═══ Stored data
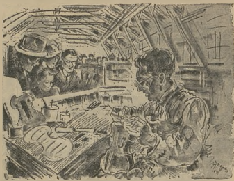
Ein Geigenhauer bei der Arbeit
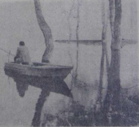
Так пусть же и воздух, и Волги вода Прозрачными будут всегда!

Не допускать строительства новых крупных промышленных объектов без широкого обсуждения общественности и экологической экспертизы.
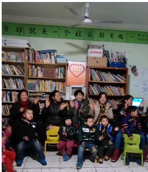
亲子阅读工作坊，“流动子弟儿童阅读习惯养成计划”，北京新世纪梦想图书馆

北京新世纪梦想图书馆的《流动子弟儿童阅读习惯养成计划》项目针对外来务工人员社区进行了亲子阅读推广和培训，提供了核心阅读书目、阅读指导手册、和一个包含 24 个课时的工作坊。通过参与家庭的阅读日记，我们发现参与的 60 个家庭大部分都对早期教育和亲子阅读有了更深的理解，超过 2/3 的家庭已经形成了亲子阅读的习惯，也掌握了基本的亲子阅读方法。
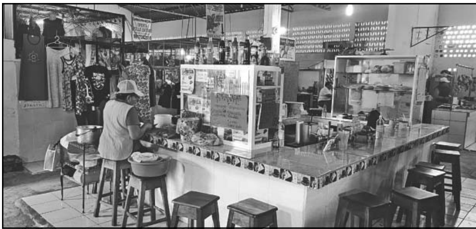
De las quejas más sentidas es que deben pagar 100 pesos por el cuarto frío. (A. Pech)
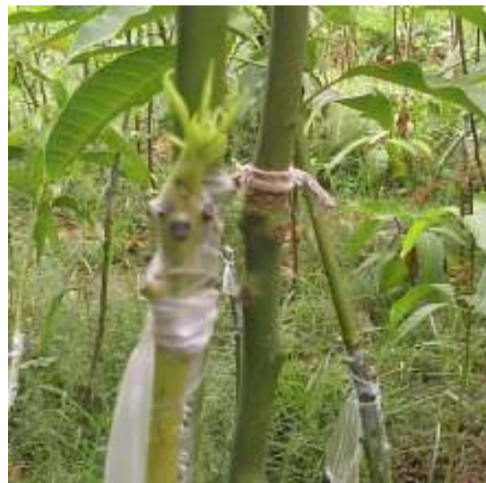
4. mangəru wa yiggan azalaf wan fanti
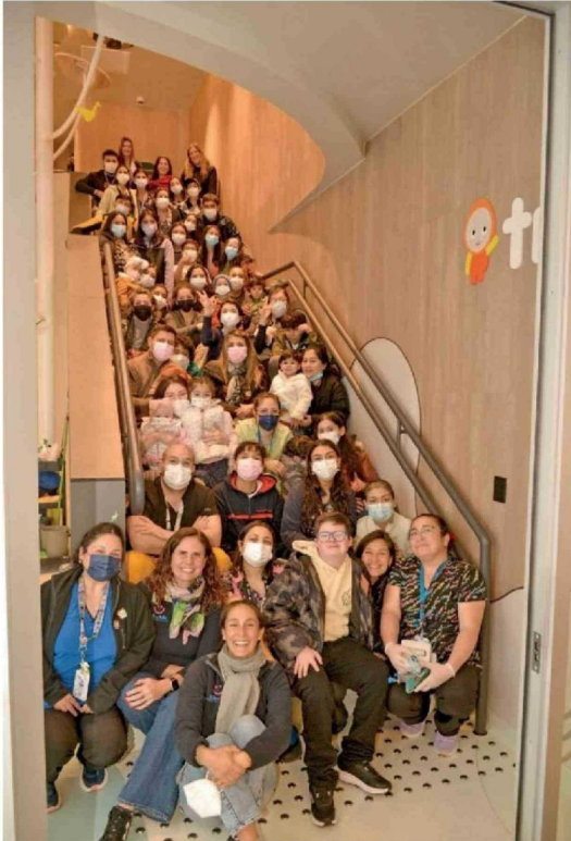
© Foto de todos los niños y niñas que son atendidos en TROI Araucanía y el equipo del Hospital Dr. Hernán Henríquez Aravena.
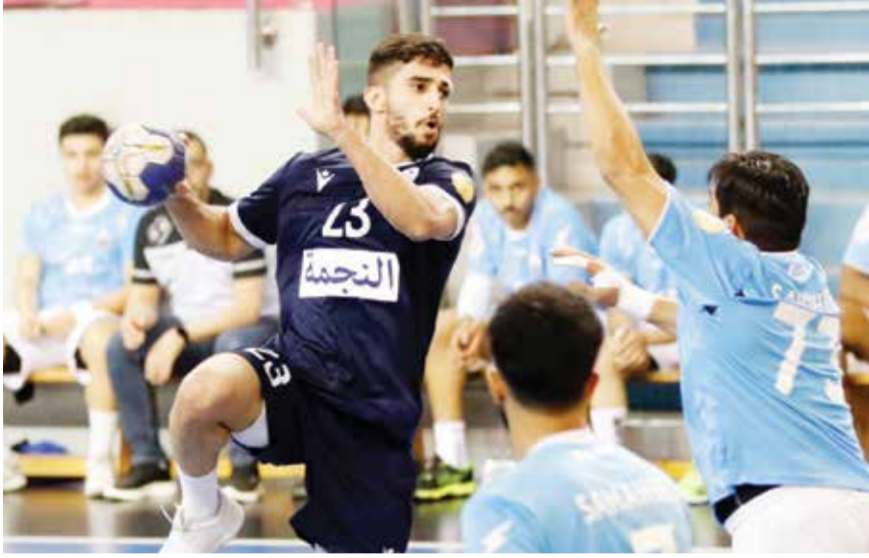
○ من مباراة النجمة وسماهير
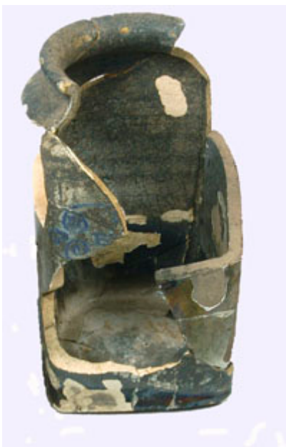
Tobaksburk i fajans från Gammplatsen i Lycksele. 16-1700-tal. Höjd: 15 cm.

Fajans är ett poröst lergods med glasyr, på framsidan ofta ogenomskinlig medan baksidan är genomskinlig. I länet har fajans främst påträffats på Gammplatsen i Lycksele, från 16- och 1700-talen.
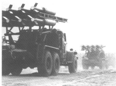
火箭布雷车奔赴发射地域
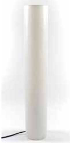
Tube lumineux (h. à partir de 150 cm, 220 v) 70€
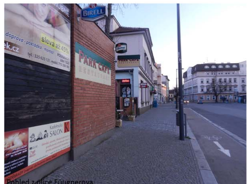
Pohled z ulice Fügnerova
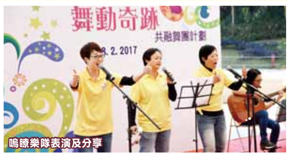
鳴瞭樂隊表演及分享

仁濟醫院地區支援中心（大埔）獲大埔區議會撥款於2016年7月份開始展開為期大半年的「舞動奇跡共融舞團」計劃。中心首先成立共融舞團，當中由18位會員或家屬組成，經過60小時的舞蹈訓練，發展他們在舞蹈律動方面的潛能與信心，更希望透過公開表演的機會，讓社區人士了解不同能力的殘疾人士的舞蹈才能，減少對他們的負面標籤，推動傷健共融。活動特別邀請了香港手語歌舞劇團及香港西區扶輪社匡晨輝學校映舞團，進行舞蹈互動和交流，令整個活動生色不少。
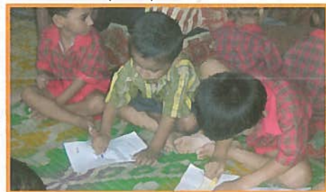
▲ Animation éducative en plein coeur des bidonvilles.

Notre but est double : d'une part traiter les malades de la tuberculose en lien avec les structures de santé publique indienne qui fournissent gratuitement les médicaments, d'autre part apporter un accompagnement individuel aux familles les plus pauvres des bidonvil-
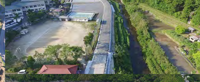
【平成28年度】高知県優良建設工事表彰
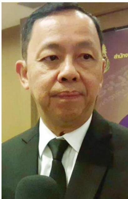
พล.ต.อ.วัชรพล ประสารราชกิจ
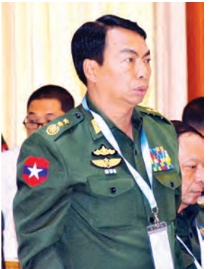
ဒုတိယဗိုလ်ချုပ်ကြီးမြင့်စိုး
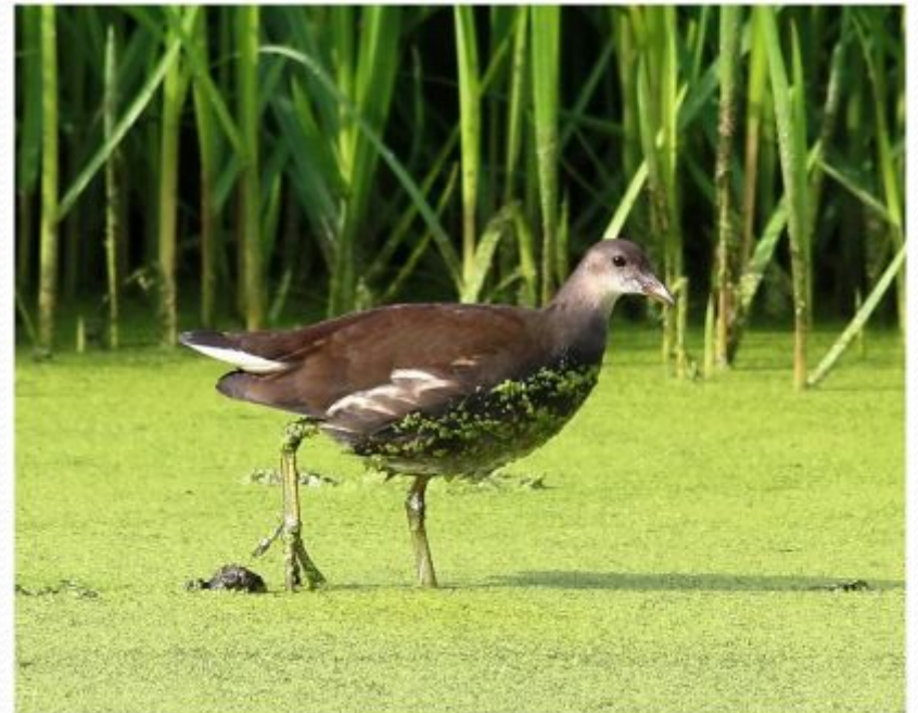
Лысуха или болотная курочка
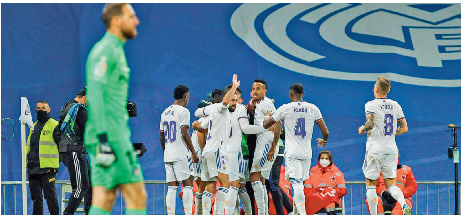
El año pasado el Real Madrid se impuso 2-0 con tantos de Benzema y Asensio
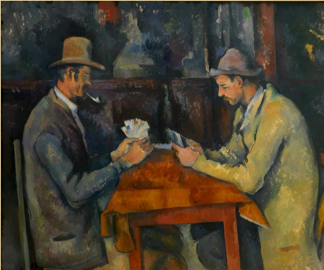
Figura 3. Los jugadores de cartas. Paul Cézanne. 1894-1895
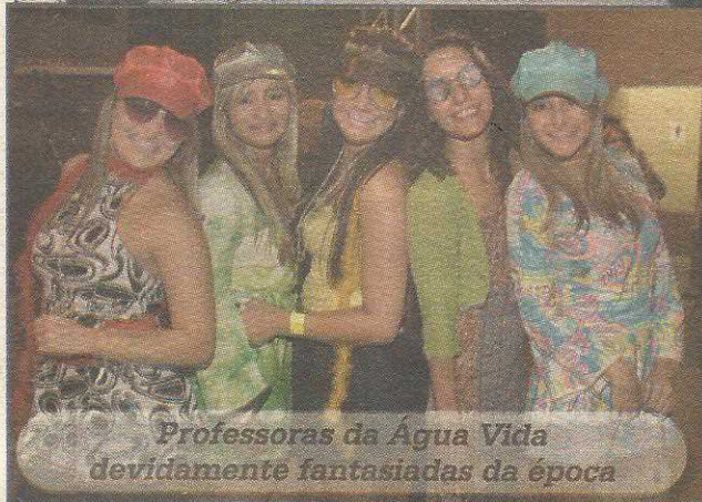
Professoras da Água Vida devidamente fantasiadas da época
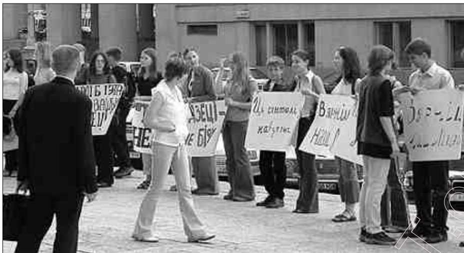
Ліцэйсты ў пікеце “Вярніце нашы ліцы!” Чэрвень 2003 г.

Паводле заяўнікаў, менавіта з-за абьявавага выканання службовых абавязкаў пералічаных асобаў падчас „піўнога” свята 30 траўня 1999 году на станцыі мэтро „Няміга” здарылася цісканіна, у якой загінулі 53 чалавекі.
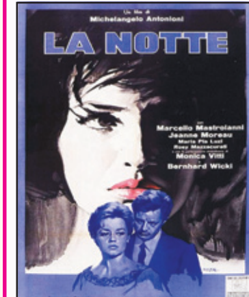
ਫਿਲਮ 'ਲਾ ਨੌਟੇ' ਦਾ ਪੋਸਟਰ ਅਤੇ (ਸੱਜੇ) ਸੰਸਾਰ ਦਾ ਉਘਾ ਫਿਲਮਸਾਜ਼ ਮਾਈਕਲਏਂਜਲੋ ਅੰਤੋਨੀਓਨੀ।
══════
Work task: Where a line above holds the string "Lycksele", show that line.

Response for this exercise:
Tobaksburk i fajans från Gammplatsen i Lycksele. 16-1700-tal. Höjd: 15 cm.
Fajans är ett poröst lergods med glasyr, på framsidan ofta ogenomskinlig medan baksidan är genomskinlig. I länet har fajans främst påträffats på Gammplatsen i Lycksele, från 16- och 1700-talen.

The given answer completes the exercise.